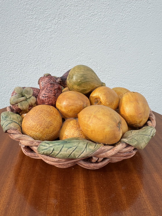 Superbe corbeille de fruits (mandarines, figues, fraises, citrons) en céramique trompe l’œil par Leonor Santos (JMF, Alcobaça, Portugal) des années 70; globalement en très bon état (à noter une queue de fraise qui semble manquer et une éclat sur une feuille: voir photos)
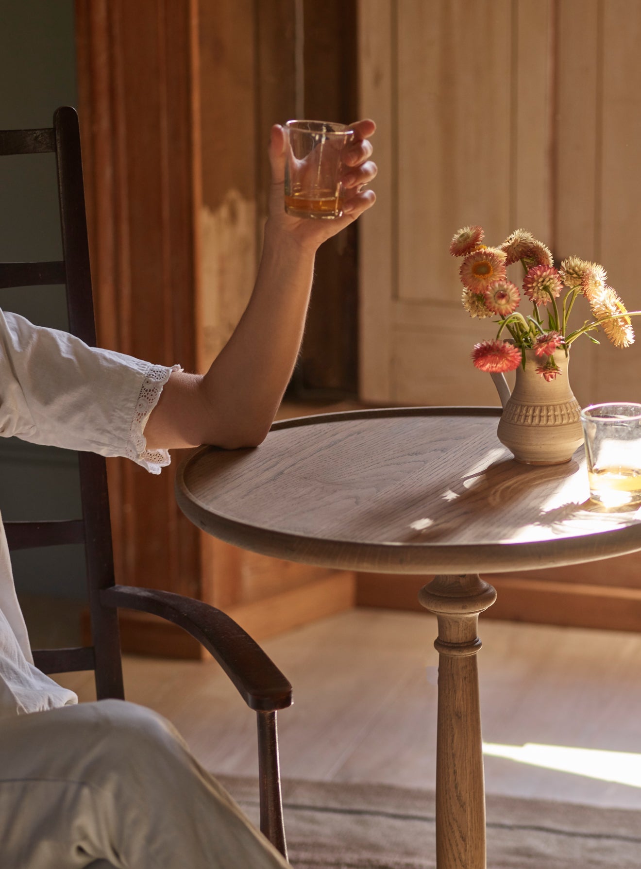 - Une table d'appoint ronde en bois inspirée des tables d'appoint d'antan
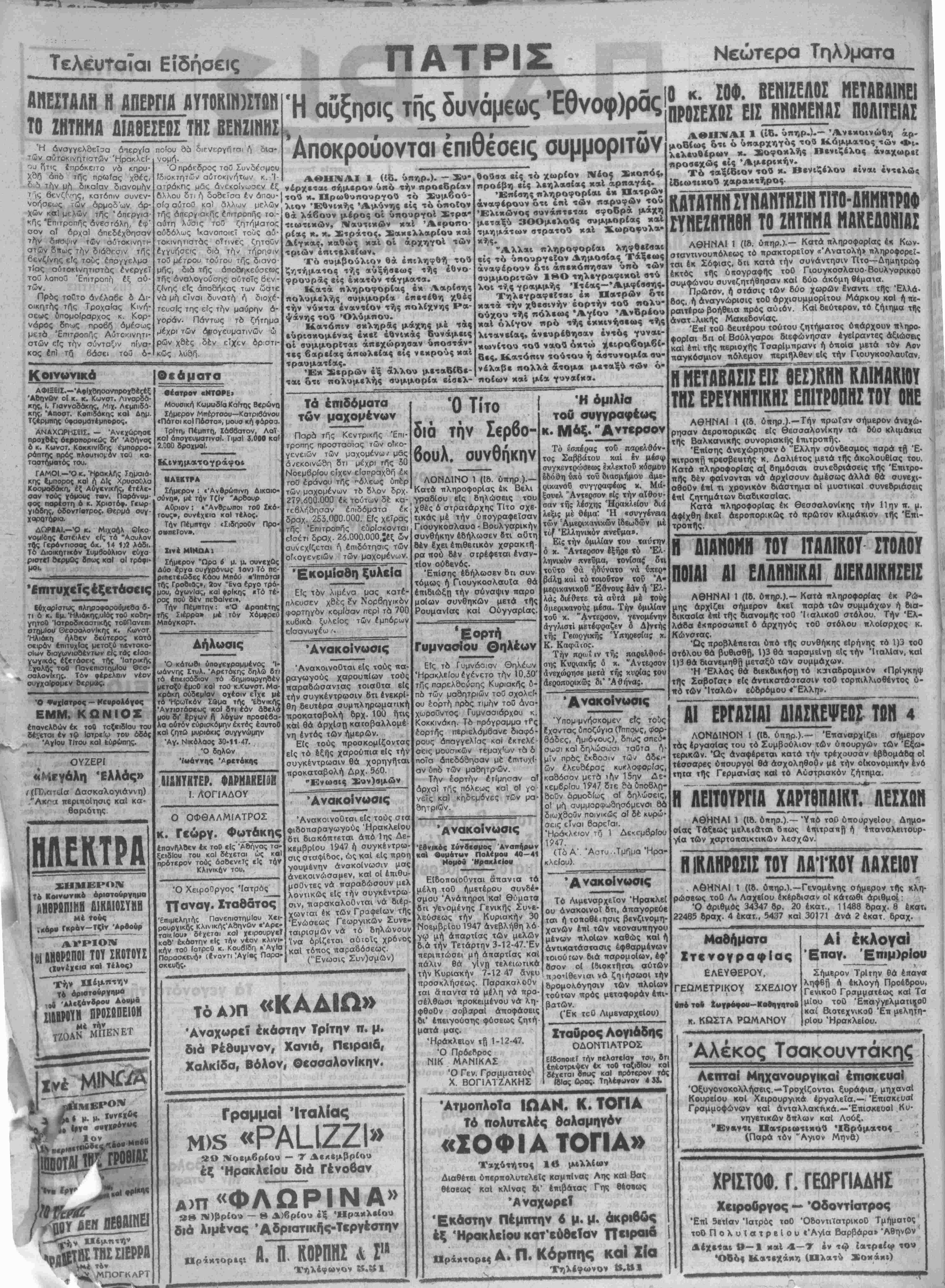 Έβνΐκός Ζύνδ<ομος Ανάπηρον καί Ονματαν Πολέμου 40—41 Ηομον Ηρακλείου Είδοποιοθνται άπαντα τα μέλη τοθ ήμετέρου συνδέ- σμσυ Άνάπηροι καί θόματα βη νενομένης Γενικής Συνε¬ λεύσεως την Κυριακήν 30 Νοεμβρίου 1947 ανεβλήθη λό γφ μή άπαρτίας των μελών δ.ά την Τετάρτην 3-12-47.Έν περιπτώσει μή άπαρτίας καί πάλιν θά γίνη τελειωτικά την Κυριακήν 7-12 47 ανευ προσκλήσεως. Παρακαλοθν ται άπαντα τα μέλη νά προ¬ σέλθωσι προκειμένου νά λη- ψθοθν σοβαραί άποφάσεις δι' επειγούσης φύσεως ζητή· ματά μας. •Ηράκλειον τβ 1-12-47. Ό ΠρόεΛρος ΝΙΚ ΜΛΝΙΚΑΣ Ό Γεν. Γραμματεύς^ Χ. ΒΟΠΑΤΖΑΚΗΣ Η άμιλΐα τοθ συγγραφέως κ. Μάξ." Α ντερσον Τό εσπέρας τοΰ παρελθόν τος Σαββάτου χαί έν μέσφ συγκεντρίόσβως έχλεχτοϋ κόσμον Ιδόθη υπό τοΐ δνασμήμοΐ) άμε οικανου συγγοαφέα>ς χ. Μά-

◆ Assignment ◆
Leave out the pictures and set down all of the data exactly.

◆ Solution to this problem ◆
 Superbe corbeille de fruits (mandarines, figues, fraises, citrons) en céramique trompe l’œil par Leonor Santos (JMF, Alcobaça, Portugal) des années 70; globalement en très bon état (à noter une queue de fraise qui semble manquer et une éclat sur une feuille: voir photos)
 - Une table d'appoint ronde en bois inspirée des tables d'appoint d'antan
 Έβνΐκός Ζύνδ<ομος Ανάπηρον καί Ονματαν Πολέμου 40—41 Ηομον Ηρακλείου Είδοποιοθνται άπαντα τα μέλη τοθ ήμετέρου συνδέ- σμσυ Άνάπηροι καί θόματα βη νενομένης Γενικής Συνε¬ λεύσεως την Κυριακήν 30 Νοεμβρίου 1947 ανεβλήθη λό γφ μή άπαρτίας των μελών δ.ά την Τετάρτην 3-12-47.Έν περιπτώσει μή άπαρτίας καί πάλιν θά γίνη τελειωτικά την Κυριακήν 7-12 47 ανευ προσκλήσεως. Παρακαλοθν ται άπαντα τα μέλη νά προ¬ σέλθωσι προκειμένου νά λη- ψθοθν σοβαραί άποφάσεις δι' επειγούσης φύσεως ζητή· ματά μας. •Ηράκλειον τβ 1-12-47. Ό ΠρόεΛρος ΝΙΚ ΜΛΝΙΚΑΣ Ό Γεν. Γραμματεύς^ Χ. ΒΟΠΑΤΖΑΚΗΣ Η άμιλΐα τοθ συγγραφέως κ. Μάξ." Α ντερσον Τό εσπέρας τοΰ παρελθόν τος Σαββάτου χαί έν μέσφ συγκεντρίόσβως έχλεχτοϋ κόσμον Ιδόθη υπό τοΐ δνασμήμοΐ) άμε οικανου συγγοαφέα>ς χ. Μά-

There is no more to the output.